In the exemplary embodiment, step (c) includes an operation of determining (for each speaker) a cross-correlation of a first bandpass filtered version of the template signal for said speaker with a first bandpass filtered version of the status signal, a cross-correlation of a second bandpass filtered version of the template signal for said speaker with a second bandpass filtered version of the status signal, and a cross-correlation of a third bandpass filtered version of the template signal for said speaker with a third bandpass filtered version of the status signal. A difference is identified (if any significant difference exists) between the state of each speaker (during performance of step (b)) and the speaker's state at the initial time, from a frequency domain representation of each of the nine cross-correlations. Alternatively, such difference (if any significant difference exists) is identified by otherwise analyzing the cross-correlations.

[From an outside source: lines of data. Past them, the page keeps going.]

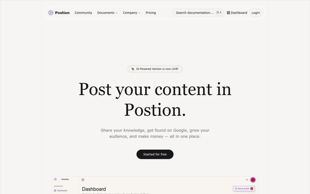 Postion 是一款面向独立创作者、写作者、课程制作者和小型媒体的一站式内容平台。它整合了内容创建、知识管理、粉丝运营与多渠道变现功能,强调通过 AI 助力与自动化工具降低创作门槛,让创作者更专注于内容本身并快速实现商业化。平台支持自定义域名、模板和 SEO 优化,适合希望建立个人品牌与长期收益渠道的内容生产者。
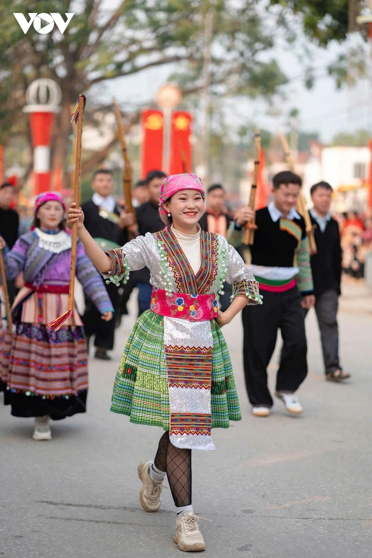 | Các chàng trai, cô gái dân tộc Mông trên địa bàn huyện Văn Yên tham gia diễu diễn đường phố |
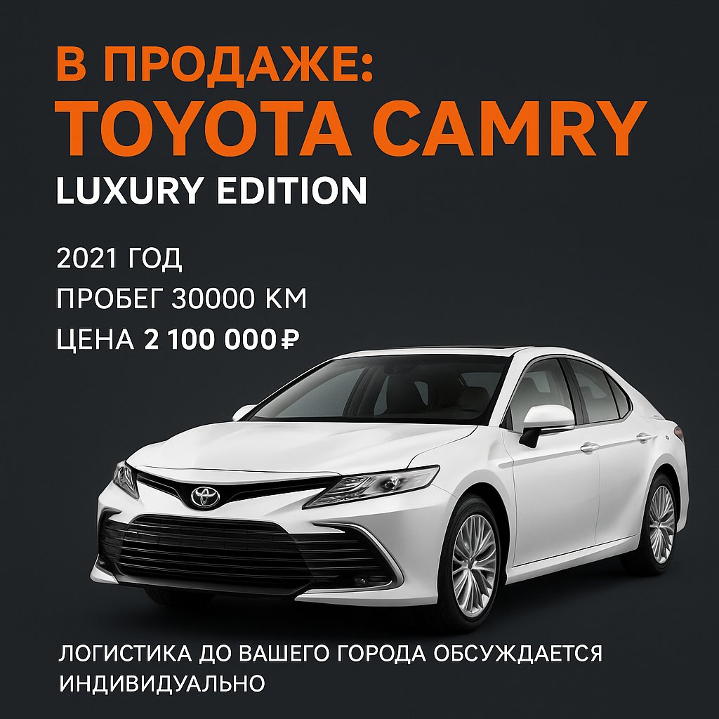 Toyota Camry давно стала символом надёжности, комфорта и респектабельного стиля. Версия 2021 года в комплектации Luxury Edition — это современный седан бизнес-класса с максимальным уровнем оснащения, премиальной отделкой и сбалансированной динамикой. Компания WEICARSAUTO предлагает вам приобрести проверенную Toyota Camry с пробегом всего 30 000 км, в отличном состоянии, с доставкой «под ключ» до Уссурийска, а также возможностью доставки в любой город России по индивидуальной договорённости. 📅 Год выпуска: 2021

A damaged low-frequency driver of the L speaker (to be referred to sometimes as the “Channel 1” speaker) is simulated by applying an elliptic high pass filter (HPF), having cutoff frequency of fc=600 Hz and stop-band attenuation of 100 dB, to the speaker feed for the Channel 1 speaker during playback of the trailer during step (a). The speaker feeds for other two channels of the trailer soundtrack are not filtered by the elliptic HPF. This simulates damage only to the low-frequency driver of the Channel 1 speaker. The state of the C speaker (to be referred to sometimes as the “Channel 2” speaker) is assumed to be identical to its state at the initial time, and the state of the R speaker (to be referred to sometimes as the “Channel 3” speaker) is assumed to be identical to its state at the initial time.

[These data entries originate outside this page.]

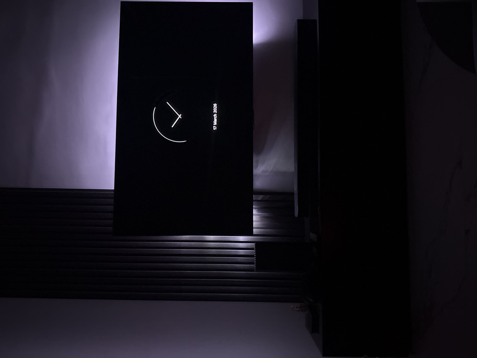 The image depicts an indoor scene in Latsia, Cyprus, characterized by low light with a predominant purple-pink ambient illumination. A large, dark-screened television is centrally positioned, displaying a white minimalist digital clock face with hands and the text "17 March 2026." Directly beneath the television is a dark soundbar. Below the soundbar, a large, dark, rectangular media console or cabinet spans the width of the lower frame. To the left of the television, a vertical wall section is covered with dark, ridged or slatted panels, extending from the bottom of the television upwards. The wall behind the television and slatted panel is light-colored and glows with the purple-pink light, suggesting a hidden light source. The floor in the foreground is a light-colored surface, possibly polished stone or marble, exhibiting subtle patterns. No individuals, actions, or direct interactions are depicted.
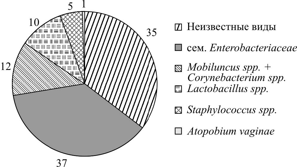 Большинство микроорганизмов в околоплодных водах выявлены в единичных случаях и крайне низких титрах: Lacto bacillus spp., Staphylococcus spp., Mobiluncus spp. + Corynebacterium spp. и Atopobium vaginae (рисунок).
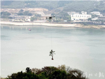 4月8日,在湖北省恩施州巴东县官渡口镇五里堆社区二组的山坡果园里,一架大型无人机腾空而起,用绳索稳稳吊起带着土球的柑橘苗,穿梭在山林间,将苗木精准运送到移栽地块。不到3个小时,130余棵柑橘树就完成了“空中转运”,高效便捷的作业方式,让果农们连连称赞。
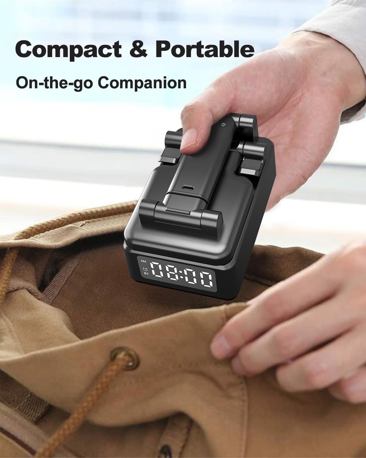 This product is a multifunction wireless charging station that combines a phone stand, Bluetooth speaker, and digital alarm clock in one compact design. The foldable structure makes it suitable for desk use, bedside placement, or travel.
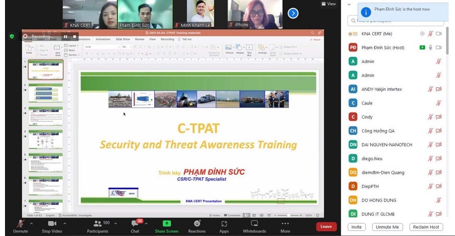 Ngày 31/03/2023, KNA CERT đã tổ chức thành công Khóa học 0 đồng với chủ đề “Nhận thức chung Tiêu chuẩn C-TPAT”.
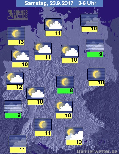 In der Nacht zum Samstag erwarten wir einen oft sternenklaren und sonst nur locker bewölkten Himmel, dazu bleibt es trocken. Die Temperatur sinkt auf Werte zwischen 13 Grad in Emden und bis etwa 8 Grad im Grabfeld.
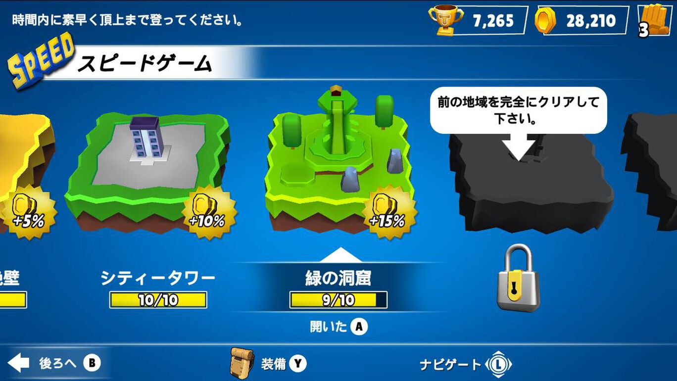 ・全てのステージを早く登り、最高の成績を目指しましょう。
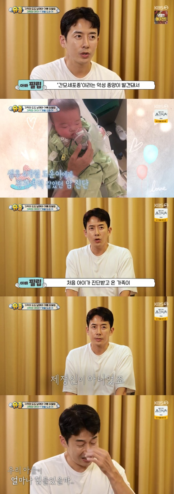 KBS 2TV 예능 프로그램 '슈퍼맨이 돌아왔다'(이하 '슈돌')에서 최필립이 암을 이겨낸 아들을 생각하며 눈물을 보였다.
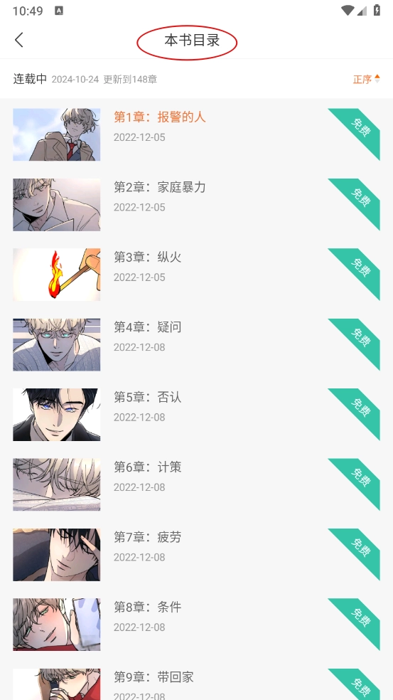4、进入后就能查看本书的全部目录了。
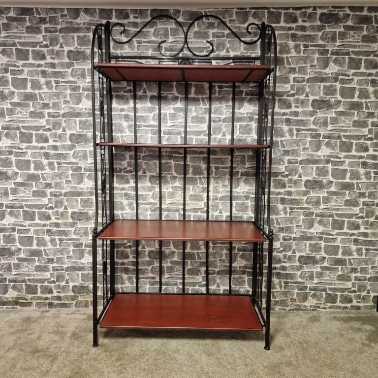 Stylish folding shelving unit with a black wrought iron-style frame and four cherry-toned wooden shelves. Features decorative scrollwork and geometric side detailing. A few minor surface scuffs on the shelves, but overall in good, sturdy condition. F
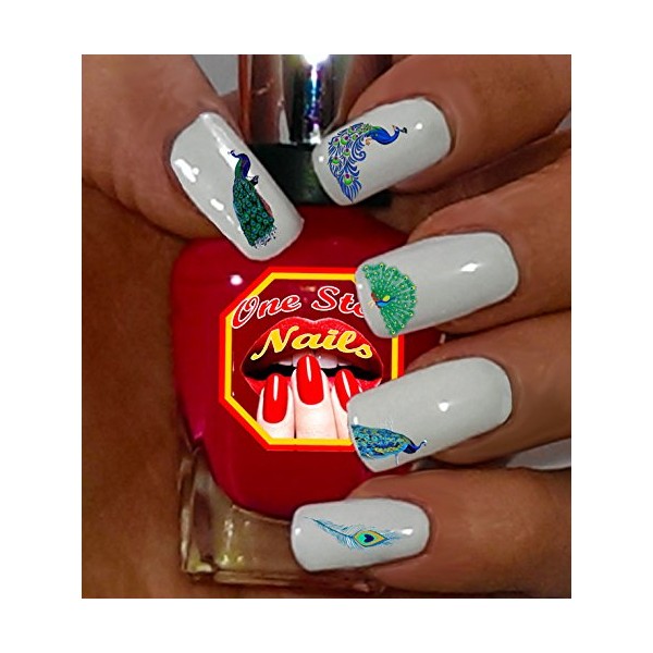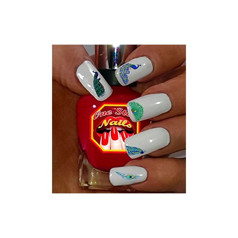Peacock and peacock feathers clear waterslide nail art decals. Set of 61.
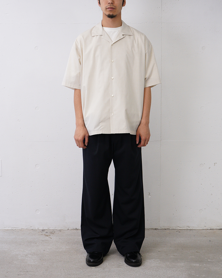 COTTON BROAD OPEN COLLAR S/S SHIRT / PALE BEIGE
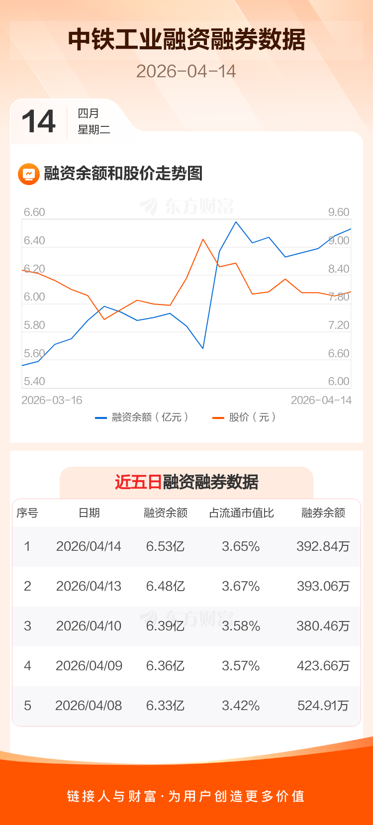 交易所最新数据显示,中铁工业于2026年4月14日获融资买入2815.18万元,融资偿还2355.64万元,当日融资净买入459.54万元。目前,该股融资余额6.53亿,占流通市值比例为3.65%。
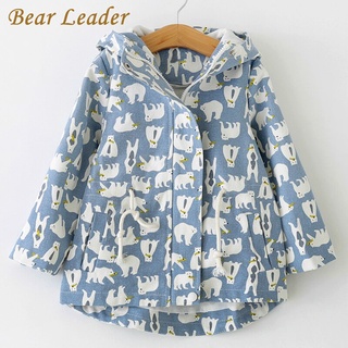 BEAR LEADER Áo Khoác Có Nón In Hình Gấu Bắc Cực Dễ Thương Thời Trang Mùa Thu 2023 Cho Bé Gái
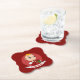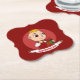 Paper coasters with an illustration of a cute smiling happy black baby girl or boy, the baby is wearing red and white clothes and holding a present; with editable text template for your name or message, Christmas holidays design with a red background
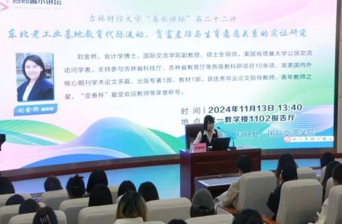 为营造浓厚的学术氛围,增进学术交流,拓展学术视野,1113日下午,科研处联合EMC易倍在第一教学楼1102报告厅举办了吉财善水讲坛第二十二讲学术活动,邀请EMC易倍刘金桥副教授做了题为东北老工业基地教育代际流动、贫富差距与生育意愿关系的实证研究学术报告。本次报告会由EMC易倍副经理李舸主持,EMC易倍全体教师和部分员工代表参会。
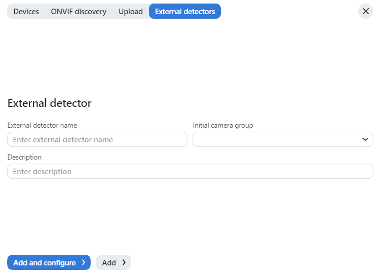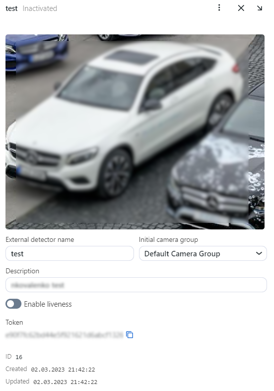 If necessary, change the External detector name. Specify the Initial camera group and Description, enable liveness.

The first bandpass filtered version of the template signal for each speaker is generated by filtering the template signal with a first bandpass filter, the first bandpass filtered version of the status signal is generated by filtering the status signal with the first bandpass filter, the second bandpass filtered version of the template signal for each speaker is generated by filtering the template signal with a second bandpass filter, the second bandpass filtered version of the status signal is generated by filtering the status signal with the second bandpass filter, the third bandpass filtered version of the template signal for each speaker is generated by filtering the template signal with a third bandpass filter, and the third bandpass filtered version of the status signal is generated by filtering the status signal with the third bandpass filter.

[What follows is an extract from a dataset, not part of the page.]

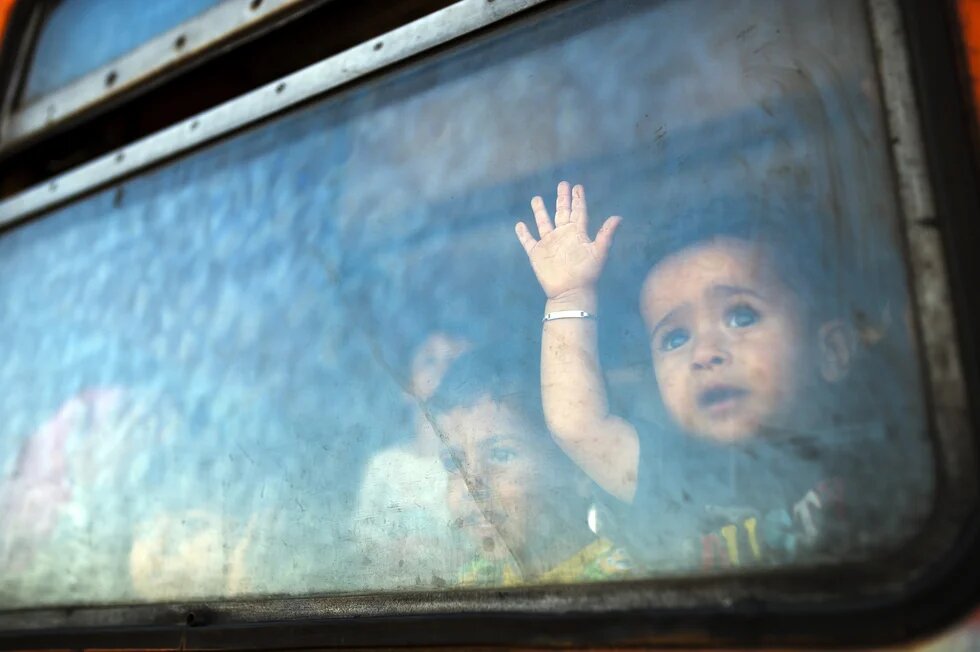 A refugee boy looks through a window onboard a train for Serbia (AFP)

Each of the band pass filters has linear-phase and length sufficient for adequate transition band rolloff and good stop-band attenuation in its pass band, so that three octave bands of the audio data can be analyzed: a first band between 100-200 Hz (the pass band of the first bandpass filter), a second band between 150-300 Hz (the pass band of the second bandpass filter), and third band between 1-2 kHz (the pass band of the third bandpass filter). The first bandpass filter and the second bandpass filter are linear-phase filters with a group delay of 2K samples. The third bandpass filter has a 512 sample group delay. These filters can be arbitrarily linear-phase, non-linear phase, or quasi-linear phase in the pass-band.
The audio data obtained during step (b) are obtained as follows. Rather, than actually measuring sound emitted from the speakers with the microphone, measurement of such sound is simulated by convolving predetermined room responses for each speaker-microphone pair with the trailer soundtrack (with the speaker feed for Channel 1 of the trailer soundtrack distorted with the elliptic HPF).
More specifically, the audio data obtained during step (b) of the exemplary embodiment, are generated as follows. The HPF filtered Channel 1 signal generated in step (a) is convolved with the room response of the Channel 1 speaker to determine a convolution indicative of the damaged Channel 1 speaker output that would be measured by microphone 3 during playback by the damaged Channel 1 speaker of Channel 1 of the trailer. The (nonfiltered) speaker feed for Channel 2 of the trailer soundtrack is convolved with the room response of the Channel 2 speaker to determine a convolution indicative of the Channel 2 speaker output that would measured by microphone 3 during playback by the Channel 2 speaker of Channel 2 of the trailer, and the (nonfiltered) speaker feed for Channel 3 of the trailer soundtrack is convolved with the room response of the Channel 3 speaker to determine a convolution indicative of the Channel 3 speaker output that would measured by microphone 3 during playback by the Channel 3 speaker of Channel 3 of the trailer. The three resulting convolutions are summed to generate audio data indicative of a status signal which simulates the expected output of microphone 3 during playback by all three speakers (with the Channel 1 speaker having a damaged low-frequency driver) of the trailer.
Each of the above-described band-pass filters (one having a pass band between 100-200 Hz, the second having a pass band between 150-300 Hz, and third having a pass band between 1-2 kHz) is applied to the audio data generated in step (b), to determine the above-mentioned first bandpass filtered version of the status signal, second bandpass filtered version of the status signal, and third bandpass filtered version of the status signal.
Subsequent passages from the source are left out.